In today’s highly-competitive business landscape, a company’s data resources are one of its most valuable assets. A business needs to take every precaution to ensure its data is kept secure from external and internal threats. The cost of a data breach in the U.S. averages $9.44 million, representing a substantial sum of money that most companies are not in a position to lose.

While most companies understand the importance of data protection, they don’t always know how to implement an effective data loss prevention program. Failing to follow best practices can leave your company vulnerable to attack and put your sensitive data at risk. 

In this article, we’ll discuss the essential best practices for data loss prevention to help you protect your company’s valuable data. 

What is Data Loss Prevention? 

Data loss prevention (DLP) is a comprehensive strategy that can be instrumental in protecting a company’s sensitive and important information from external and internal risks.
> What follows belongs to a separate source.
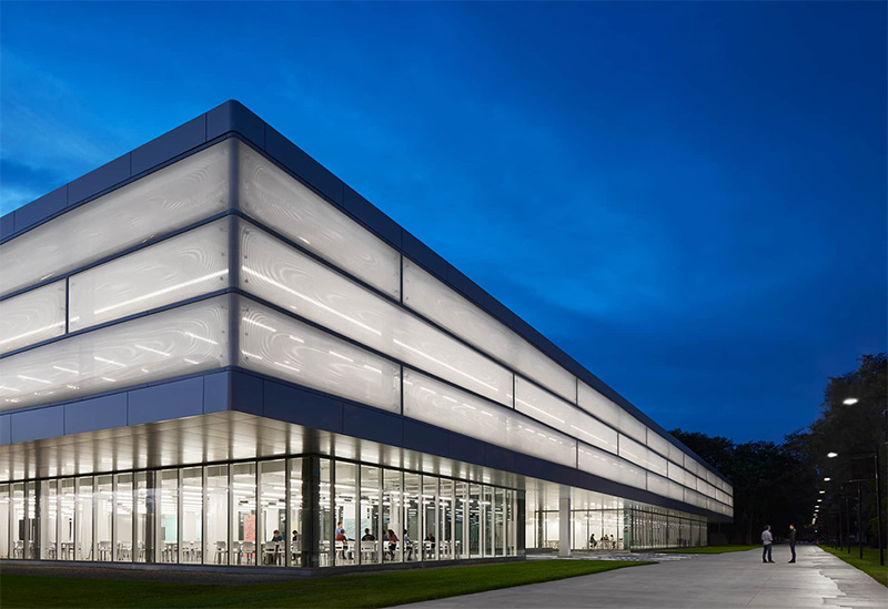 伊利诺伊理工学院 (Illinois Tech) 的 Ed Kaplan 家庭创新与科技创业学院是校园内最新、最具创新性的建筑,采用 Vector Foiltec 设计的独一无二的 Texlon® ETFE 外墙。
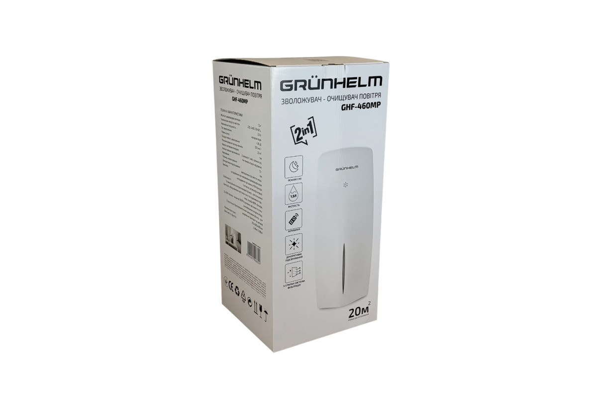 Увлажнитель-очиститель воздуха 2 в 1 – GHF-460MP Grunhelm – ультразвуковой увлажнитель позволит поддерживать здоровую атмосферу и уют в вашем доме. Оснащен функцией автоматического отключения, надежно защищен от перегрева при критическом снижении воды в резервуаре. напоминание о наполнении резервуара воды; напоминание о замене HEPA фильтра

DLP combines processes and services that work together to identify and secure an organization’s data resources.

With a DLP solution in place, companies can be certain that data is handled appropriately by everyone in the organization. 

DLP protects against many threats to valuable information, including:

  • Compromised data resources that have been corrupted
  • Data theft carried out by internal or external actors
  • Lost or misplaced data that cannot be accessed efficiently when needed
  • Unauthorized access to sensitive data by individuals within and outside of the organization

The following best practices will help guide a company that has chosen to implement data loss prevention as part of its overall cybersecurity posture.
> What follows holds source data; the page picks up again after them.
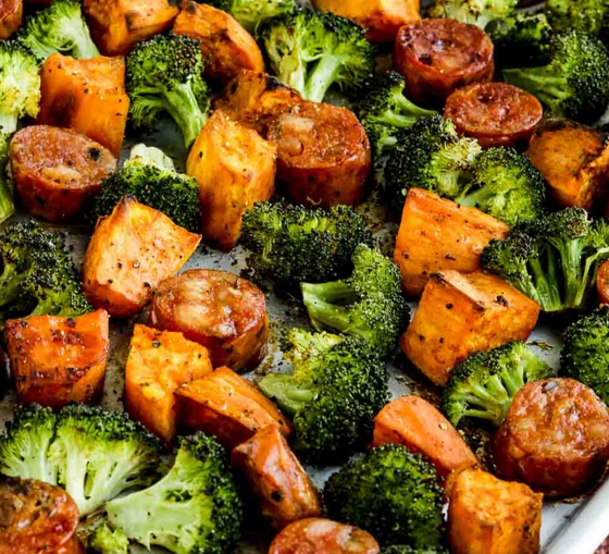 Roasted Sweet Potatoes, Sausage & Broccoli Sheet Pan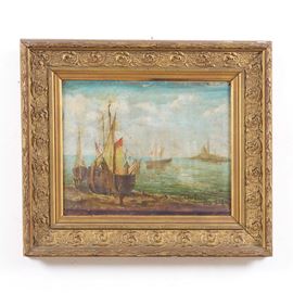 Pittore del XIX-XX secolo Veduta costiera con pescatori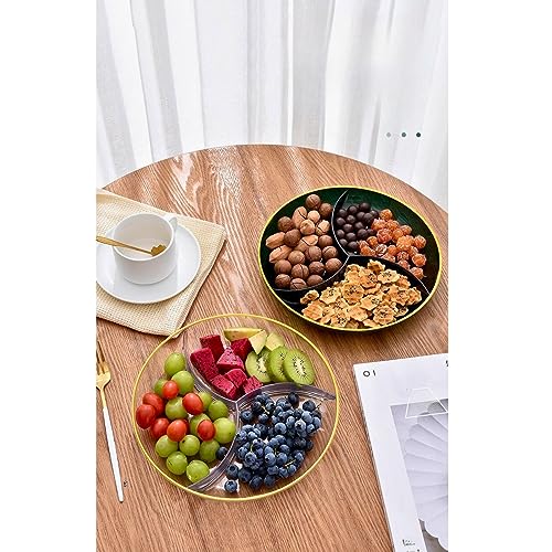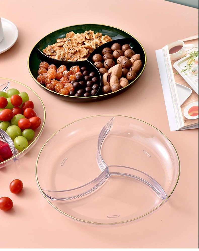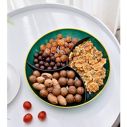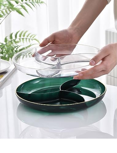 Generic - طبق فطور اكريليك مكون من ثلاثة اقسام لسلطة الفاكهة منفصل للحلوى والوجبات الخفيفة مستدير أخضر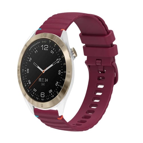 Correa de Silicona con Puntadas Onduladas y Puntos para Reloj Garmin Approach S40 20mm (Rojo Vino)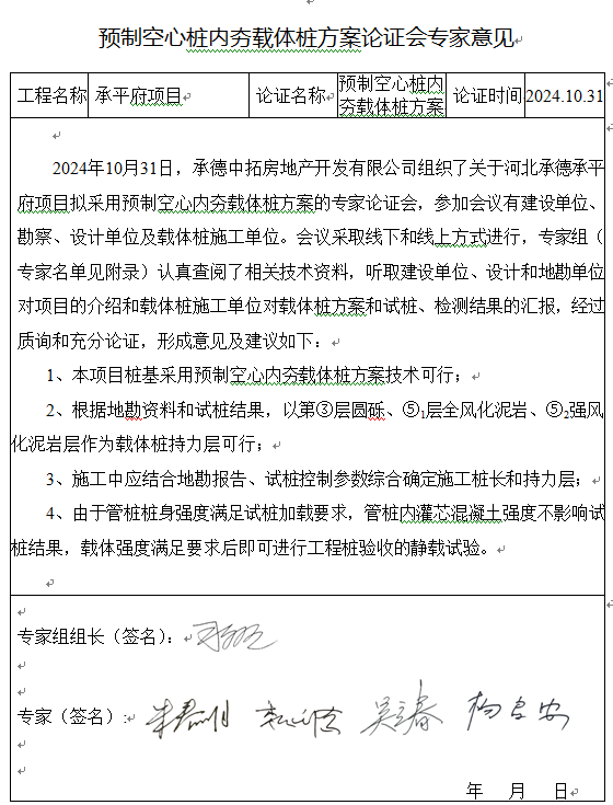 10月31日,承德中拓房地產(chǎn)開發(fā)有限公司組織了關(guān)于河北承德承平府項目擬采用預制空心內(nèi)夯載體樁方案的專家論證會,會議采取線上和線下兩種方式同時進行,參加會議有建設單位、勘察、設計單位及載體樁施

Establish a Data Handling Policy

The main purpose of a DLP solution is to enforce an organization’s data handling policy. While there are general aspects of data loss prevention that can be implemented out of the box, a data handling policy codifies a company’s unique requirement regarding how sensitive and high-value information is treated across the organization. 

The policy needs to incorporate company-specific rules as well as those that may be required to address dilatory standards like PCI-DSS or HIPAA.

The objective of a data handling policy is to firmly document how every data element is categorized so it can be afforded the protection it warrants. 

At a minimum, data should be designated as belonging to one of three categories:

  • High-risk data - This category is reserved for an organization’s most sensitive, important, and valuable data. Information in this category includes confidential and personal information on customers and employees. Data subject to regulatory guidelines, business-critical information, and intellectual property also fall into this category.
  • Moderate-risk data - Data in this category holds some value to a company but does not pose the same level of risk if disclosed. It does not require the same degree of security as high-risk data.
  • Low-risk data - Information in this category is publicly available or encompasses data that would not cause damage if lost.

Data Discovery and Classification

Following the creation of a data handling policy, an organization needs to identify and classify its data assets. Fortunately, modern DLP tools do not require data to be pre-classified and are capable of dynamically classifying data as it is created or ingested. 

Classification is performed with three complementary methods:

  • Content-based classification is an automated process that searches files and categorizes them based on their content.
  • Context-based classification automatically classifies data according to indirect indicators such as location, creator, and users.
  • User-based classification relies on user knowledge to classify a data element and is used to complement content and context-based classification.

Enforcing the Data Handling Policies

The main purpose of a DLP tool is the effective enforcement of a company’s data handling policies. Some tools come with templates that offer generic methods with which to address data resources that are used in ways prohibited by the data handling policies. An organization typically customizes these methods and procedures to align with its business objectives.

Common data handling policy enforcement activities might include:

  • Encrypting all high-risk data before it is transmitted
  • Disabling a user’s ability to print sensitive information on unsecured printers
  • Stopping unauthorized users from accessing high-risk data

Providing User Education and Training

The human element is a vital component of effective cybersecurity. Everyone in the organization should understand the importance of abiding by the data handling policy and their role in protecting company information. Offering continuing cybersecurity training and education is necessary to ensure employees stay up to date with the evolving methods used by threat actors to compromise data resources.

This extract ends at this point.